REUTERS | Mark Blinch

Could anti-ISDS tendencies generate a revival of commercial arbitration?

Ever since the European Commission and the European Parliament started to get involved with investment protection and investor-state dispute settlement (ISDS), investment treaty arbitration has increasingly come under pressure.

It has been characterised as allowing multinationals to bypass domestic courts by using behind closed-door arbitration and to easily collect millions of dollars from states. In short, ISDS and investment treaty arbitration, which has been the hallmark for effective investment promotion and protection over the past 50 years, has been branded as “dodgy”. It needs to be, if not completely eradicated, at least modified significantly.

The European Commission first started to propose modifications to the classic ISDS system in the draft text of the Free Trade Agreement between the EU and Canada (CETA). These modifications left the main elements of investment treaty arbitration intact, while proposing tighter rules on transparency and on the rules on conflict of interests of arbitrators.

However, it quickly appeared that this was insufficient for the European Parliament to accept the CETA deal. Consequently, the European Commission was forced to come up with a more radical proposal, namely, what it termed an “international court system (ICS)”. The ICS would replace arbitration by a two-tier, semi-permanent quasi-judicial court system. Instead of arbitrators, “judges”, who have been pre-selected by the states only, would decide the cases. Moreover, an Appeal Tribunal would be attached, which would review appeals on both points of facts and law. This radical departure from party-appointed arbitration based on flexible arbitration rules such as ICSID and UNCITRAL, has recently been accepted by Canada in a revised CETA text. A few months before, Vietnam also accepted the ICS proposal in the EU-Vietnam FTA text. The cardinal question now is whether or not the US will follow suit and accept the ICS proposal for the Transatlantic Trade and Investment Partnership (TTIP).

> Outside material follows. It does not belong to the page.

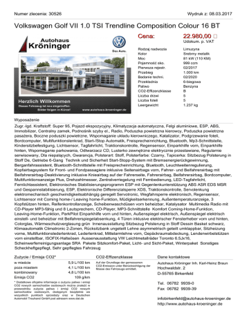 Numer zlecenia: 30526 Wydruk z: 08.03.2017 Volkswagen Golf VII 1.0 TSI Trendline Composition Colour 16 BT Cena: 22.980,00 Rodzaj nadwozia Kolor Moc Pojemność sko. Pierwsza rejestr. Przebieg Badanie techni. Przekładnia Paliwo CO2-Effizenzklasse Liczba drzwi Liczba foteli Leergewicht Limuzyna Srebrny metalik 81 kW (110 KM) 999 ccm 02/2017 1.000 km 02/2020 6-biegowa Benzyna B 5 5 1.237 kg Udokum. p. VAT Wyposażenie Zugr.-lgd. Kraftstoff: Super 95, Pojazd ekspozycyjny, Klimatyzacja automatyczna, Felgi aluminiowe, ESP, ABS, Immobilizer, Centralny zamek, Podnośnik szyby el., Radio, Poduszka powietrzna kierowcy, Poduszka powietrzna pasażera, Boczne poduszki powietrzne, Wspomaganie układu kierowniczego, Katalizator, Podgrzewanie foteli, Bordcomputer, Multifunktionslenkrad, Start-/Stop Automatik, Freisprecheinrichtung, Bluetooth, Mp3-Schnittstelle, Kindersitzbefestigung, Lichtsensor, Tagfahrlicht, Traktionskontrolle, Regensensor, Einparkhilfe vorn, Einparkhilfe hinten, Wspomaganie parkowania, Odtwarzacz CD, Lusterko zewnętrzne elektrycznie przestawiane, Regularnie serwisowany, Dla niepalących, Gwarancja, Polsterart: Stoff, Polsterfarbe: Czarny, Tapicerka: Sitzbezug Polsterung in Stoff De, Getriebe 6-Gang Technik und Sicherheit Start-Stopp-System mit Bremsenergierückgewinnung, Berganfahrassistent, Bluetooth-Schnittstelle mit Freisprecheinrichtung, Bluetooth, Leuchtweitenregulierung, Kopfairbagsystem für Front- und Fondpassagiere inklusive Seitenairbags vorn, Fahrer- und Beifahrerairbag mit Beifahrerairbag-Deaktivierung inklusive Knieairbag auf der Fahrerseite, Fahrerairbag, Beifahrerairbag, Bordcomputer, Multifunktionsanzeige Plus, Drehzahlmesser, Zentralverriegelung mit Fernbedienung, LED-Tagfahrlicht, Fernlichtassistent, Elektronisches Stabilisierungsprogramm ESP mit Gegenlenkunterstützung ABS ASR EDS MSR und Gespannstabilisierung, ESP, Elektronische Differenzialsperre XDS, Traktionskontrolle, Servolenkung elektromechanisch geschwindigkeitsabhängig geregelt Servotronic, Wegfahrsperre elektronisch, Regensensor, Lichtsensor mit Coming home-/ Leaving home-Funktion, Müdigkeitserkennung, Außentemperaturanzeige, 3 Kopfstützen hinten, Reifenkontrollanzeige, Scheibenwaschdüsen vorn beheizbar, Katalysator Multimedia Radio mit CD-Player MP3-fähig und 8 Lautsprechern, CD-Player, MP3-Schnittstelle Komfort Coming-Home-Funktion, Leaving-Home-Funktion, ParkPilot Einparkhilfe vorn und hinten, Außenspiegel elektrisch, Außenspiegel elektrisch einstell- und beheizbar mit Beifahrerspiegelabsenkung, 4 Türen inklusive elektrischer Fensterheber vorn und hinten, Colorglas, Wärmeschutzverglasung grün Innenausstattung Sitzbezug Polsterung in Stoff Dessin Basket schwarz, Klimaautomatik Climatronic 2-Zonen, Rücksitzbank ungeteilt Lehne asymmetrisch geteilt umklappbar, Sitzheizung vorne, Multifunktionslederlenkrad, Lederlenkrad, Mittelarmlehne vorn, Gepäckraumabdeckung, Lendenwirbelstützen vorn einstellbar, ISOFIX-Halteösen Aussenausstattung VW Leichtmetallräder Toronto 6.5Jx16, Scheinwerferreinigungsanlage SRA Pakete Sitzkomfort-Paket, Licht- und Sicht-Paket, Winterpaket Sonstiges Scheckheftgepflegt, Sehr gepflegtes Fahrzeug Zużycie / Emisja CO2* w mieście poza miastem kombinowany Emisja CO2 5,9 L/100 km 4,1 L/100 km 4,8 L/100 km 109 g/km * Dodatkowe oficjalne informacje o zużyciu paliwa i emisji CO2 nowych samochodów osobowych można znaleźć w przewodniku zużycia paliwa i emisji CO2 nowych samochodów osobowych, dostępnym bezpłatnie we wszystkich punktach sprzedaży oraz w Deutschen Automobil Treuhand GmbH pod adresem www.dat.de CO2-Effizenzklasse Dane kontaktowe Auf der Grundlage der gemessenen CO2-Emission unter Berücksichtigung der Masse des Fahrzeugs ermittelt. Autohaus Kröninger Inh. Karl-Heinz Braun Hochwaldstr. 2 D-55765 Birkenfeld Tel. 06782 9939-0 Fax 06782 9939-39 [email protected] http://www.autohaus-kroeninger.de Numer zlecenia: 30526 Wydruk z: 08.03.2017 Volkswagen Golf VII 1.0 TSI Trendline Composition Colour 16 BT

Besides these developments, it is important to note that more states apparently turn away from investment protection. For example, Italy recently terminated the Energy Charter Treaty (ECT), while Poland announced that it is considering the termination of all its 60 bilateral investment treaties (BITs).

Such tendencies increasingly reduce the availability of investment treaty arbitration for investors as a viable dispute resolution mechanism.

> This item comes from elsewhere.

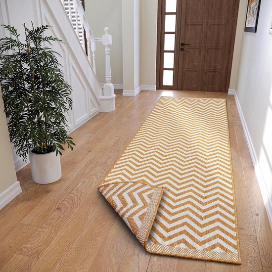 Tapis réversible tissé plat design géométrique pour intérieur et extérieur - Oeko-Tex, résistant aux intempéries, résistant aux UV - ocre - 80 x 250 cm

Hence, investors (that is, potential claimants) must look for other effective dispute resolution mechanisms. Indeed, commercial arbitration could benefit hugely from the anti-ISDS tendencies described above by offering arbitration for at least those investors/claimants who have invested in a country on the basis of a contract with the state. Commercial arbitration provisions are usually included in those contracts. Such disputes could thus be resolved before arbitration institutions such as the ICC or the LCIA.

In light of the increasing pressure on ISDS, investors should increase their efforts to base their investments as much as possible on the contracts with the state in question, and include commercial arbitration provisions in those contracts.

While this solution is not always available for all investments, commercial arbitration is set for a revival due to the demise of investment treaty arbitration.